Required work: Set down every line of the data exactly, skipping the pictures.

Stored data:
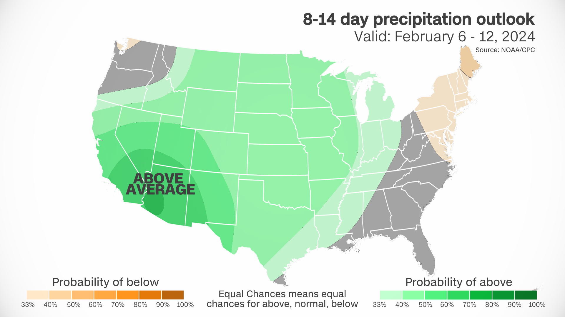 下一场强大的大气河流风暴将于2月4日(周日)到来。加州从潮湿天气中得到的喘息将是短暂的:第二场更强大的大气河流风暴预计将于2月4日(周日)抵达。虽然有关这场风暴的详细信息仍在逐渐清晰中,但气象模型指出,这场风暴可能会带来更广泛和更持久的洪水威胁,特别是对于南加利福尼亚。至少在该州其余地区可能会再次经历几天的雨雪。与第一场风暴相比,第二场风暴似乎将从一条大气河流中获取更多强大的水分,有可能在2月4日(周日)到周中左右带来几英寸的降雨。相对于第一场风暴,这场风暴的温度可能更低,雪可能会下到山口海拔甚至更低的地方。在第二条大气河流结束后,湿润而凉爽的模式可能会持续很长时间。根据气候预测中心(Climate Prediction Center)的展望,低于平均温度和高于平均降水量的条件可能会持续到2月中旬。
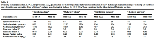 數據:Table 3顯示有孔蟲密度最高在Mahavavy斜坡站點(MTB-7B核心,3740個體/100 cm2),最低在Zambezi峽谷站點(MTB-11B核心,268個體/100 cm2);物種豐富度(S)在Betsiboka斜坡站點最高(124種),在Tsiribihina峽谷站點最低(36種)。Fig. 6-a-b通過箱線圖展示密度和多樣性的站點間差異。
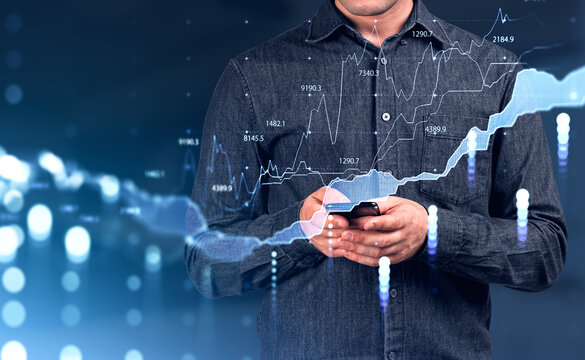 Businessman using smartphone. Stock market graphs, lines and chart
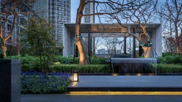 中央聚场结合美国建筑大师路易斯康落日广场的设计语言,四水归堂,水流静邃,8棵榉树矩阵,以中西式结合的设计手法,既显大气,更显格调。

Expected answer:
 下一场强大的大气河流风暴将于2月4日(周日)到来。加州从潮湿天气中得到的喘息将是短暂的:第二场更强大的大气河流风暴预计将于2月4日(周日)抵达。虽然有关这场风暴的详细信息仍在逐渐清晰中,但气象模型指出,这场风暴可能会带来更广泛和更持久的洪水威胁,特别是对于南加利福尼亚。至少在该州其余地区可能会再次经历几天的雨雪。与第一场风暴相比,第二场风暴似乎将从一条大气河流中获取更多强大的水分,有可能在2月4日(周日)到周中左右带来几英寸的降雨。相对于第一场风暴,这场风暴的温度可能更低,雪可能会下到山口海拔甚至更低的地方。在第二条大气河流结束后,湿润而凉爽的模式可能会持续很长时间。根据气候预测中心(Climate Prediction Center)的展望,低于平均温度和高于平均降水量的条件可能会持续到2月中旬。
 數據:Table 3顯示有孔蟲密度最高在Mahavavy斜坡站點(MTB-7B核心,3740個體/100 cm2),最低在Zambezi峽谷站點(MTB-11B核心,268個體/100 cm2);物種豐富度(S)在Betsiboka斜坡站點最高(124種),在Tsiribihina峽谷站點最低(36種)。Fig. 6-a-b通過箱線圖展示密度和多樣性的站點間差異。
 Businessman using smartphone. Stock market graphs, lines and chart
 中央聚场结合美国建筑大师路易斯康落日广场的设计语言,四水归堂,水流静邃,8棵榉树矩阵,以中西式结合的设计手法,既显大气,更显格调。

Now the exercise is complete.